---------------original content, reproduced please indicate the source. <[email protected]>------------
I. Overview
RRDtool (Round-robin Database tool), which is the polling-based data base (note: Not equivalent to the polling scheduling algorithm in the computer), uses a fixed-size space to store the data, sets a pointer, moves with the data read and write, and points to the location of the last update.
In many materials, the database space for storing data is regarded as a circle, which has no starting point and no end point, so it can achieve continuous reading and writing of data with a fixed size space. This space is the file created with the ". Rrd" suffix after the "rrdtool create" command.
RRDtool is unique in that it can not only play the role of the background to store data, but also provides us with a wealth of tools to create beautiful statistical charts, as well as the role of the front-end.
Installation:
Linux can typically be installed directly using Yum or Apt-get.

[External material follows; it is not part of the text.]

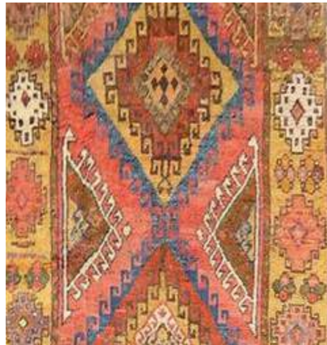
Килим с ромбоиден мотив, Кесария-Нигдже, начало на XVIII в. Rug with a diamond pattern, Kesaria-Nigde beginning, of XVIII c.

Важно е да насочим вниманието си към взаимовръзките между Анадола и Кавказкия регион в тъкането на килими. По отношение произхода на килимарската култура, какви са били взаимоотношенията между такива крупни центрове на килимарското производство като Кавказ и централните области на Мала Азия, най-вече Себастиа, Кесария и Икония? Разпространение

$ sudo yum install RRDtool (CentOS)
$ sudo apt-get install RRDtool (Ubuntu)
You can also go to the official download of each operating system (including Windows) installation package, or download the source code to compile their own.
Http://oss.oetiker.ch/rrdtool/download.en.html
Ii. Data Objects
RRDtool is designed to deal with time-series data, such as network bandwidth, temperature, CPU load, and so on, and the associated data or metrics. Many excellent monitoring systems use RRDtool as a DBMS or as a drawing tool, such as Ganglia, MRTG, Xymon, Zenoss, Open-falcon, and so on. Visible RRDtool in the processing of monitoring indicators unique advantages.
three, RRDtool storage and archiving principle
The way RRDtool stores data differs greatly from the common relational database:
- Each rrd file size of the RRDtool is fixed once it is created, while the file size of the traditional relational database grows with the data being written.
- RRDtool the data is received while the computation is merged and the computed results are stored
- RRDtool requires that the data be updated periodically, and the value of "exception" in the database is replaced with unknown.
In order to achieve the timing of the update, RRDtool a time gap (interval), after interval will be updated database, such as the above image of the interval is 1min. This interval is named step in RRDtool, and as an option that must be used to specify the interval used by the RRD database when creating an RRD file using the Create command, this value is not allowed to be changed. Such as:
..... (Note: This is just a demo, not a valid full create command)
The first line of the above command is easier to understand (note: The actual command is not wrapped, it is easy to demonstrate the use of "\" to separate), below to explain the second line of the meaning of each parameter,
(It is recommended to check the full command help against man page or official document Http://oss.oetiker.ch/rrdtool/doc/rrdcreate.en.html):
DS (Data Source): Defines the source of the DataSource, in other words, the indicator we want to detect, which uses cpu_load (CPU load detection) as the name of the DS. Gauge is the type of the data source (Dst:data source type)
Common types of data sources:
1、COUNTER 数据必须是递增的,保存的是相对于前面的一个值
2、GUAGE 保存原值
3、DERIVE 可增可减
4、ABSOLUTE 相对于初始值的数值(也就是参考点唯一)
5、COMPUTE 对于COMPUTE数据源来说格式是DS:ds-name:COMPUTE:rpn-expression
For ease of understanding, it can be thought of as a column defined when we created MySQL (which is, of course, very inaccurate):
Skip the heartbeat parameter first, and look at the latter two parameters. Min Max, as the name implies, is used to specify a reasonable storage range for the data values, and I set it to 0~100 for CPU load. For values with indeterminate bounds, you can use U instead. That is, if the received data is within this range, it is considered to be good value, which is received and inserted by the database. Otherwise it would be considered a bad value, as unknown inserted.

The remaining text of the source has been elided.